- _AVAILABLE RECORDS_:
=== Section Start ===

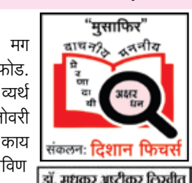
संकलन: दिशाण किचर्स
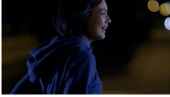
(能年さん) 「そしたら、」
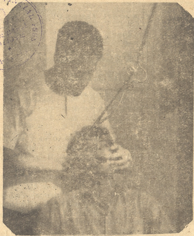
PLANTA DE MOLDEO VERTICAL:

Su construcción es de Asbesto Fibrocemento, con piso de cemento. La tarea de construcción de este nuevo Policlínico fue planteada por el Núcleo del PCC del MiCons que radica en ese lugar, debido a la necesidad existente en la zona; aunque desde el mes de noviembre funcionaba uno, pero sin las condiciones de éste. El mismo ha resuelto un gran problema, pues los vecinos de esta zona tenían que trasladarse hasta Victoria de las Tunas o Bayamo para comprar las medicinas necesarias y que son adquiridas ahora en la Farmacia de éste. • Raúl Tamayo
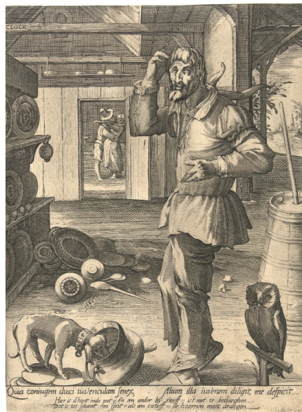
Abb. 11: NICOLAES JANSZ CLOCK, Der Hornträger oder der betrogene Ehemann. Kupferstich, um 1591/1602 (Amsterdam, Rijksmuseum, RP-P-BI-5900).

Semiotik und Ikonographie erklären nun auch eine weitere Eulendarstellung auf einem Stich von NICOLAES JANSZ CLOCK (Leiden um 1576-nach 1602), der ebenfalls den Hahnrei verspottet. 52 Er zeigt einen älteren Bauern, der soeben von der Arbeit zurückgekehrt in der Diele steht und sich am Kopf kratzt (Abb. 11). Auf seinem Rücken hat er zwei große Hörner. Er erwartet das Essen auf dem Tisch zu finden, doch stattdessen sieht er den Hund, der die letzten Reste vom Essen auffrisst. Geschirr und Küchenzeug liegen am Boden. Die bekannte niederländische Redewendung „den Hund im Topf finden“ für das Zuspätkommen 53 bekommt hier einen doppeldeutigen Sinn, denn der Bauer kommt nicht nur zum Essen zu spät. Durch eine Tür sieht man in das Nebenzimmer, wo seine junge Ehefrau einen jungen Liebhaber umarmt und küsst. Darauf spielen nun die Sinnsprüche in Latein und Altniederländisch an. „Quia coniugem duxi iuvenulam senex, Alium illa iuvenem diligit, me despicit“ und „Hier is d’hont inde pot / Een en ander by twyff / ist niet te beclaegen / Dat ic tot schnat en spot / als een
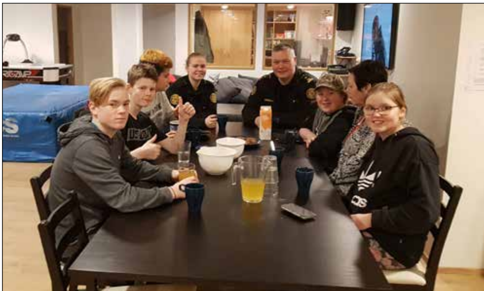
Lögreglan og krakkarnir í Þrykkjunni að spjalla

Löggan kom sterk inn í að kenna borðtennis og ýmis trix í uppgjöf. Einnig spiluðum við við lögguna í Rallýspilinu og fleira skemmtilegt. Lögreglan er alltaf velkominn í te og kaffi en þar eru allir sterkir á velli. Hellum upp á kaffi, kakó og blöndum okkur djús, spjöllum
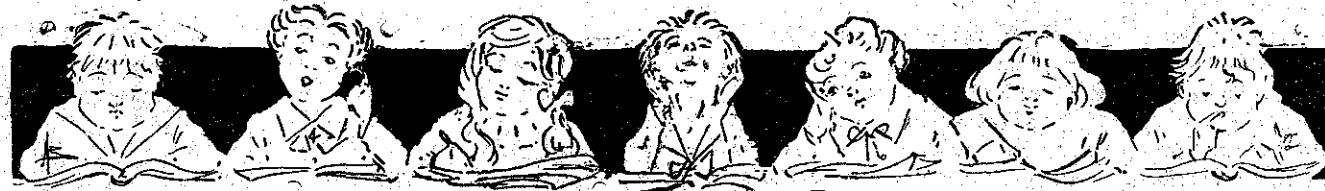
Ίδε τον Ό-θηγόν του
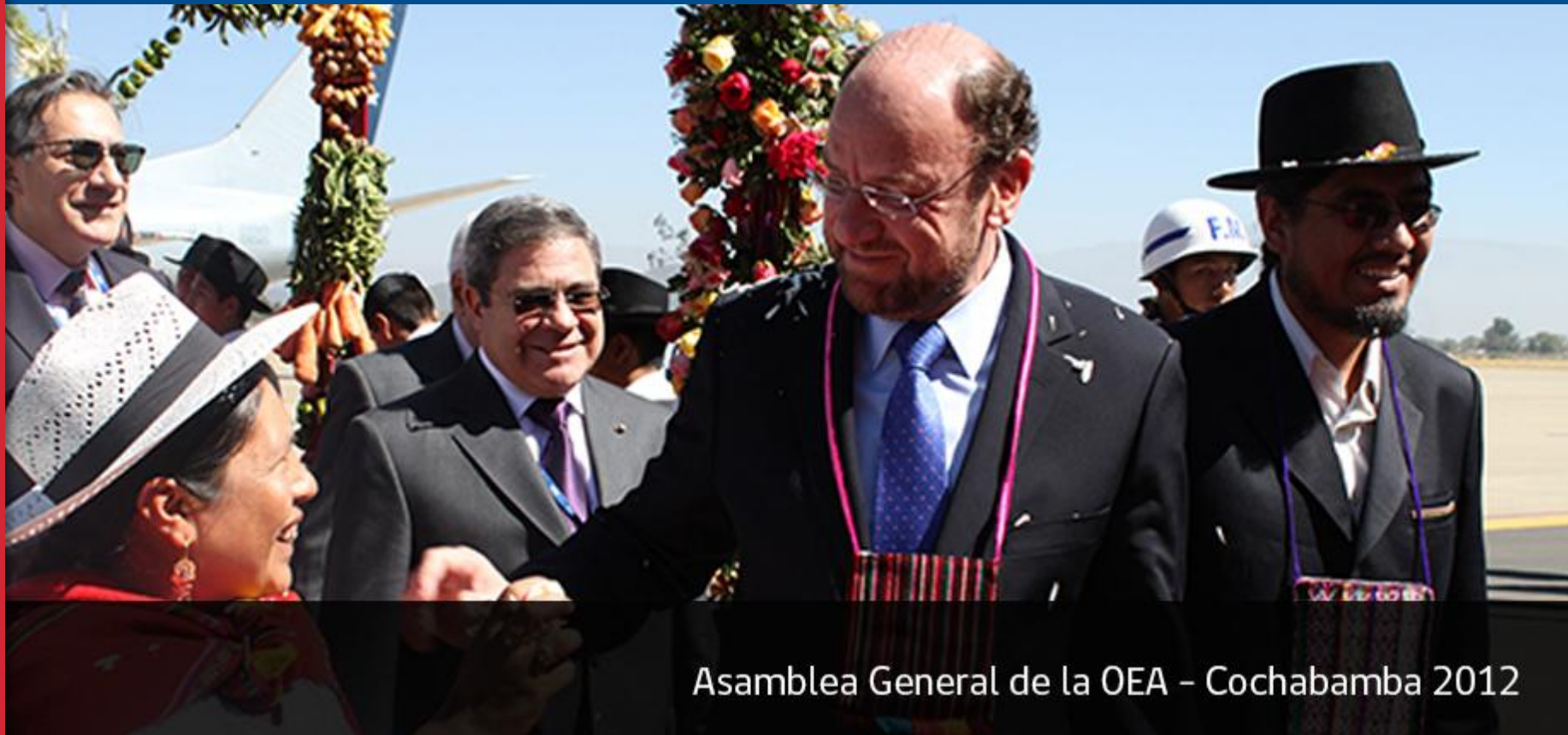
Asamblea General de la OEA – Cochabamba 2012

=== Section End ===

- _TASK DIRECTIONS_:
Whenever "NICOLAES" occurs in a line of the entries, copy that line.

- _RESPONSE TO THE TASK_:
Abb. 11: NICOLAES JANSZ CLOCK, Der Hornträger oder der betrogene Ehemann. Kupferstich, um 1591/1602 (Amsterdam, Rijksmuseum, RP-P-BI-5900).
Semiotik und Ikonographie erklären nun auch eine weitere Eulendarstellung auf einem Stich von NICOLAES JANSZ CLOCK (Leiden um 1576-nach 1602), der ebenfalls den Hahnrei verspottet. 52 Er zeigt einen älteren Bauern, der soeben von der Arbeit zurückgekehrt in der Diele steht und sich am Kopf kratzt (Abb. 11). Auf seinem Rücken hat er zwei große Hörner. Er erwartet das Essen auf dem Tisch zu finden, doch stattdessen sieht er den Hund, der die letzten Reste vom Essen auffrisst. Geschirr und Küchenzeug liegen am Boden. Die bekannte niederländische Redewendung „den Hund im Topf finden“ für das Zuspätkommen 53 bekommt hier einen doppeldeutigen Sinn, denn der Bauer kommt nicht nur zum Essen zu spät. Durch eine Tür sieht man in das Nebenzimmer, wo seine junge Ehefrau einen jungen Liebhaber umarmt und küsst. Darauf spielen nun die Sinnsprüche in Latein und Altniederländisch an. „Quia coniugem duxi iuvenulam senex, Alium illa iuvenem diligit, me despicit“ und „Hier is d’hont inde pot / Een en ander by twyff / ist niet te beclaegen / Dat ic tot schnat en spot / als een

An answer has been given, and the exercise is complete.